Last week, an additional 131,975 Americans filed claims for Pandemic Unemployment Assistance, for gig and self-employed workers.
The March retail sales jump is the second-largest on record, according to the National Association of Federally-Insured Credit Unions, coming in behind last May’s historic leap when the first round of stimulus checks reached American households. Retail sales are up 24 percent year-over-year. Curt Long, the NAFCU’s chief economist, predicts gains will continue in the coming months, “fueling the best year of GDP growth since the early 1980s.”
Americans spent big on food and beverages last month, with restaurant sales climbing more than 13 percent as more people returned to dining out. Bookstores and sporting goods retailers saw their sales climb 23.5 percent, while clothing sales rose 18.3 percent.

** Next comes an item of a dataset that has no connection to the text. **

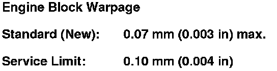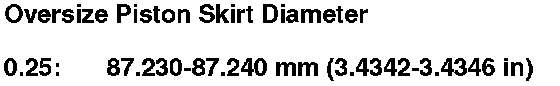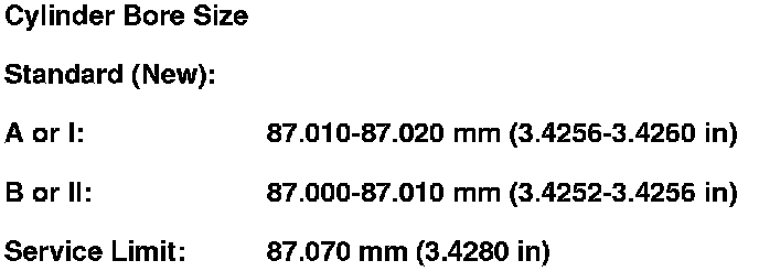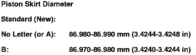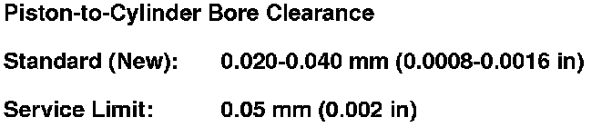 7. Calculate the difference between the cylinder bore diameter and the piston diameter. If the clearance is near or exceeds the service limit, inspect the piston and the cylinder bore for excessive wear.

“Car sales were particularly strong in March, as were traditional spring categories such as home and garden supplies and sporting goods,” Ted Rossman, senior industry analyst at CreditCards.com, said Thursday in comments emailed to The Post. “We also saw evidence that many consumers are more comfortable returning to restaurants and bars. And buying clothes in the anticipation of getting out of the house more.”
Still, Rossman warned, retailers are “being propped up by stimulus.”

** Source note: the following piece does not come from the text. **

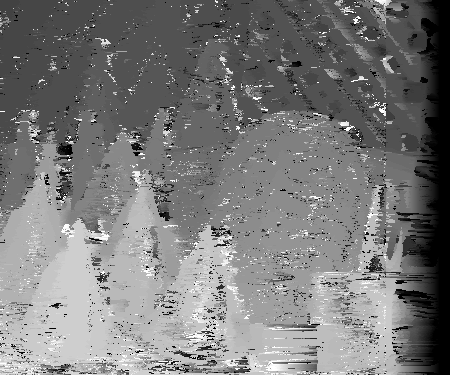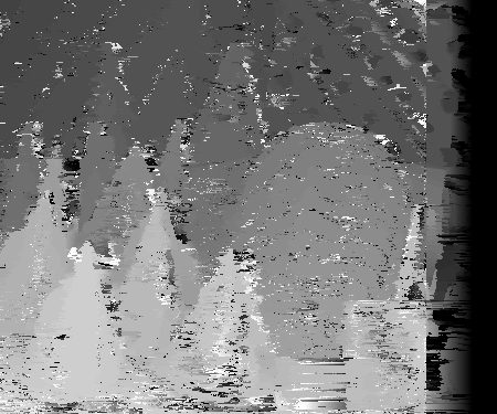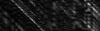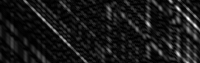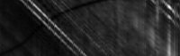 Now that the program has the 200 pixel strips in which the user wants to visualize the disparity space for, the disparity space for each segment can now be calculated. For each strip, perform the following process. For every 200 pixels in the strip in the reference image, grab the corresponding pixels in the non-reference image. At first, shift over the strip window by one pixel. This corresponds to a disparity of one. Now calcualte the intensity difference between each pixel in the reference image and its corresponding shifted pixel being looked at in the non-reference image. Store these values for each pixel in the strip for the corresponding disparity just looked at. Continue this process for each disparity to shift the strip window in the non-reference image by until the program either reaches the maximum disparity being considered (in this assignment, I will assume this to be 63 pixels) or until the shift window reaches the border of the non-reference image. As a result, you should have a 63x200 matrix of intensity differences: each pixel in the reference strip is compared against a similar sized window in the non-reference image at least 63 times. This number of times corresponds to the amount the window in the non-reference image being compared to is shifted over. In the end for each x value in the image and each possibly disparity being considered, there will be an intensity difference calculated. I took this 63x200 matrix, normalized it, and displayed it as a grayscale image. Points of good agreement are thus more black while points of poor agreement are more white. For better comprehension on my part, I decided to make the bottom row of the visualization to represent a disparity of 1 while the top row represented a disparity of 63, or the max possible disparity. The following are various disparity spaces visualized for selected horizontal 200 pixel strips in the images provided.

The pandemic’s disruption has created inescapable financial strain for many Americans. Nearly 40 percent of have postponed major financial decisions, from buying cars or houses to getting married or having children, due to the coronavirus crisis, according to a survey last week from Bankrate.com. Among younger people, ages 18 to 34, 59 percent said they had delayed a financial milestone.
Hope remains that the pace of recovery will pick up as vaccinations and business activity increase. More than 23 percent of Americans are fully inoculated against the coronavirus, according to the Centers for Disease Control and Prevention, and 37 percent have received at least one dose.
“So far, the vaccine rollout has been hugely successful and has increased consumer confidence as people now have peace of mind that they can spend more time in public spaces, including shopping malls, responsibly with little risk to themselves and others,” Marwan Forzley, chief executive of Veem, a payments platform, said in comments emailed Thursday to The Post.
But the recommended pause of the one-shot Johnson & Johnson vaccine could hamper the pace of vaccinations. Favored for transient and hard-to-reach populations, the single-shot pause will probably compound difficulties for those with the fewest other options — adding another hurdle to the Biden administration’s effort to introduce more equity into the national vaccination campaign.
Even as flickers of normalcy return, the damage wrought by the pandemic will be lasting. In a “60 Minutes” interview aired Sunday, Federal Reserve Chair Jerome H. Powell warned reopening the economy too quickly could fuel a resurgence in coronavirus cases, arguing that the country has not completely turned the corner and that the pandemic continues to pose major risks to any recovery. The pandemic, he said, has exacerbated inequalities that are not being healed in the “K-shaped” recovery, because of diverging prospects for the rich and poor.